И намеренно-случайная расфокусировка такого количества деталей, что структура предмет / фон утрачивает свою имманентность. И радикальные укрупнения, устанавливающие тумблер переключения культурных регистров в чрезвычайно неустойчивое положение. И размытость картинки – вплоть до такой, что объектное видение сменяется ассоциативным.

Даже в случае фотографий, вроде бы фиксирующих первичную реальность, возможны расслоения. Скажем, на одном из снимков из-за мебели в спальне выглядывает обувь – так, словно это часть человеческого тела. Подобная фигура одушевленности мгновенно ставит перед зрителем ряд неудобных и вместе с тем манящих вопросов о том, что утаивает или же, наоборот, чересчур выпукло предъявляет картинка.

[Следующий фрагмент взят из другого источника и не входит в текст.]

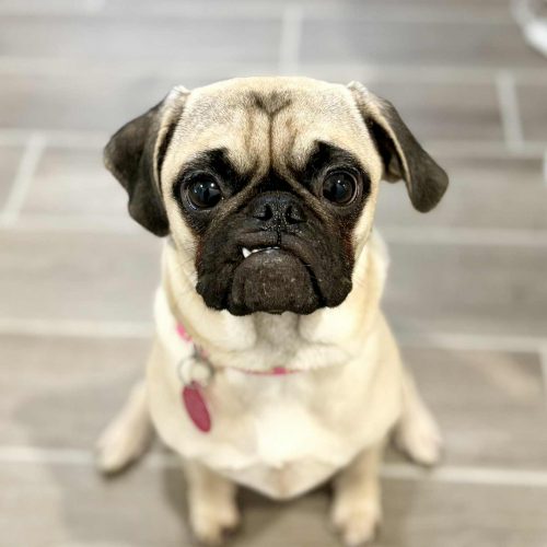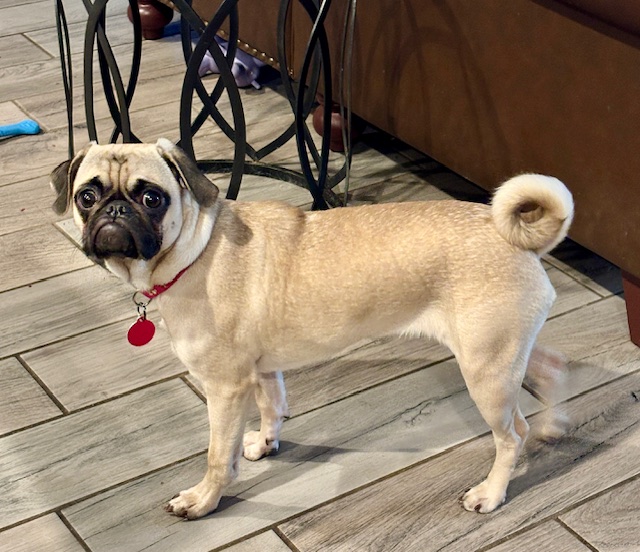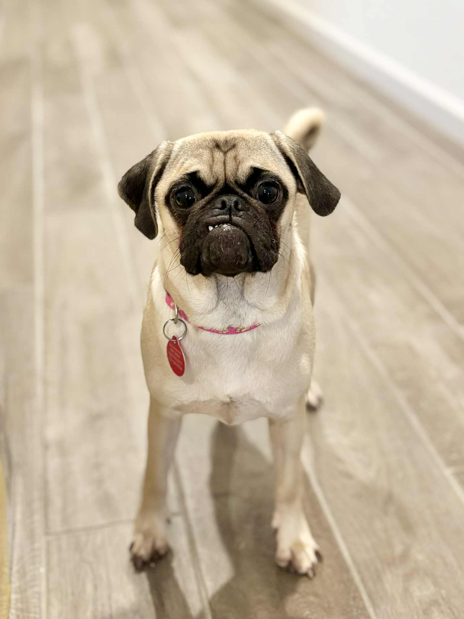Iris is about a year old, weighs 20 pounds, and has a confident personality. She does well with male dogs or could thrive as the only pup in the home (many female pugs are like that!).
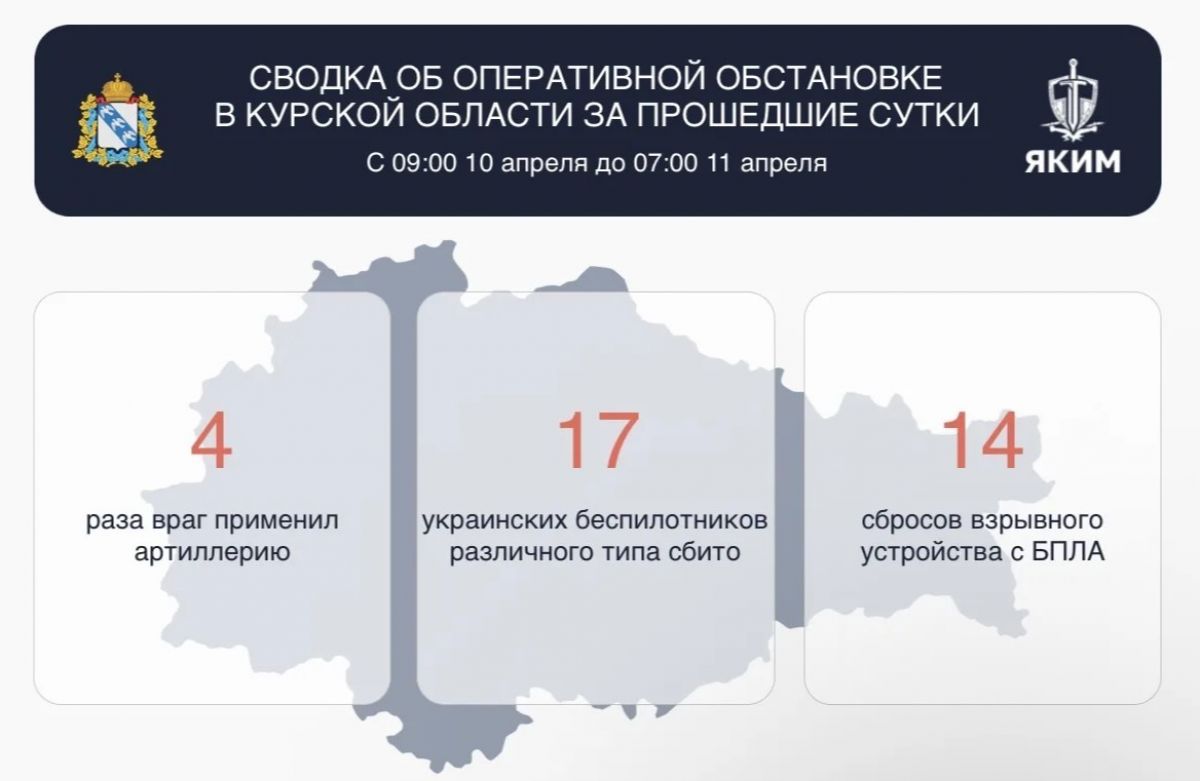 В Курской области за сутки уничтожены 17 беспилотников, обстрелов нет, пострадавших нет
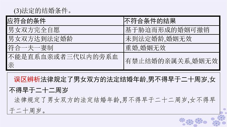 1.全面理解法律保护下的婚姻(1)合法的受保护的婚姻必须具备的条件。①要遵循结婚的基本原则:婚姻自由,一夫一妻,男女平等,保护妇女、未成年人、老年人、残疾人的合法权益。②要具备法定的结婚条件:男女双方完全自愿;男女双方达到法定婚龄;符合一夫一妻制;直系血亲或者三代以内的旁系血亲禁止结婚。③受法律保护的婚姻必须履行了法定的结婚登记程序。

Подобным образом можно долго отслеживать дихотомичности (что рано или поздно выведет к соответствующему пониманию отмеченной мной как фокусирующей связки «до» / «после») и находить в их выставочном бытовании функции смыслового уравнивания (переносящего напряжение на метауровень), дистанцированности (на метауровне неотличимой от вовлеченности), наращивания количества перцептивных измерений и прочего, что свидетельствует о современном и, если угодно, постсовременном творческом мышлении Елены Глазовой и сопутствующем ему подходе к созидательному процессу.

Думается, что без такого подхода предпринятое ею приглашение зрителя к сотворчеству, особое переосмысление реальности визуальными средствами, авторское приближение к категориям подлинности, интимности не имели бы должной убедительности и животрепещущего нерва актуальности и насущности. 

* Текстовые фрагменты переживаются как спонтанные благодаря нестандартной парадоксальности. Механизм ее возникновения, как правило, носит черты многослойной созидательной деструктивности, пошагового отказа от предыдущей поэтической находки в пользу дознаковой конфликтности. Что вкупе с прилежащими изображениями дает эффект небрежного текстового «снимка», способного в нужном контексте производить художественное качество.